**Data for review**

---------------

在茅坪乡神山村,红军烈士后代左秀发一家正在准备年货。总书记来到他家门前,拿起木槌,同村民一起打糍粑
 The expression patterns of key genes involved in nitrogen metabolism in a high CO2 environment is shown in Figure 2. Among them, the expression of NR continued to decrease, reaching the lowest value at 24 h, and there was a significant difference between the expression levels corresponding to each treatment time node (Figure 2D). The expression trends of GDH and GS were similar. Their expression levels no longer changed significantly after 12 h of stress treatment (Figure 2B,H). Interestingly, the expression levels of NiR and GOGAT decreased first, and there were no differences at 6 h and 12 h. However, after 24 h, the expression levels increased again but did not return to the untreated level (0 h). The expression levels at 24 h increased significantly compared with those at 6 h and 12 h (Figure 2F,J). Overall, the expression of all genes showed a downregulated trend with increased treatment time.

---------------

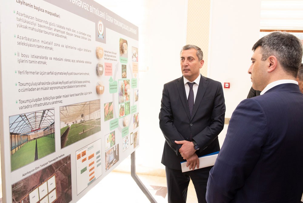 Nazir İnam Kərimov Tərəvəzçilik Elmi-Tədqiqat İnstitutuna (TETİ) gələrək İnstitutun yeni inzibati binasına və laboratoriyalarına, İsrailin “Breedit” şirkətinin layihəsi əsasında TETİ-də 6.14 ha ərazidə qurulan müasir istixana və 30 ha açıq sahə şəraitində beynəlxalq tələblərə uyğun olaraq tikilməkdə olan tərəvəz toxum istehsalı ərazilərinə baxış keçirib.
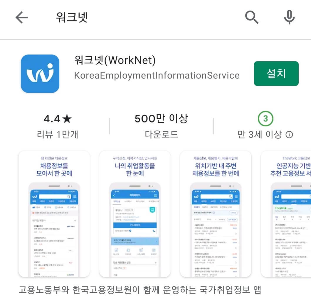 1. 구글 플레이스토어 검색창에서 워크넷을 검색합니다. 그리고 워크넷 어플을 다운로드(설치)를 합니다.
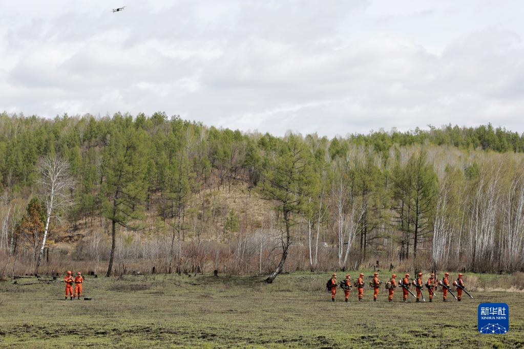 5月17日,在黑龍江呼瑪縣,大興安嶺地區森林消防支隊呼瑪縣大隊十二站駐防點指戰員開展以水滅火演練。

---------------

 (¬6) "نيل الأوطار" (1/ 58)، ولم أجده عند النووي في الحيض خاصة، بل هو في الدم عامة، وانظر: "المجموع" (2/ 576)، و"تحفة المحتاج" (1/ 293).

---------------

In the listing above, find the line holding "在茅坪乡神山村,红军烈士后代" and the line holding "The expression patterns", then output those two lines and every line between them exactly.

在茅坪乡神山村,红军烈士后代左秀发一家正在准备年货。总书记来到他家门前,拿起木槌,同村民一起打糍粑
 The expression patterns of key genes involved in nitrogen metabolism in a high CO2 environment is shown in Figure 2. Among them, the expression of NR continued to decrease, reaching the lowest value at 24 h, and there was a significant difference between the expression levels corresponding to each treatment time node (Figure 2D). The expression trends of GDH and GS were similar. Their expression levels no longer changed significantly after 12 h of stress treatment (Figure 2B,H). Interestingly, the expression levels of NiR and GOGAT decreased first, and there were no differences at 6 h and 12 h. However, after 24 h, the expression levels increased again but did not return to the untreated level (0 h). The expression levels at 24 h increased significantly compared with those at 6 h and 12 h (Figure 2F,J). Overall, the expression of all genes showed a downregulated trend with increased treatment time.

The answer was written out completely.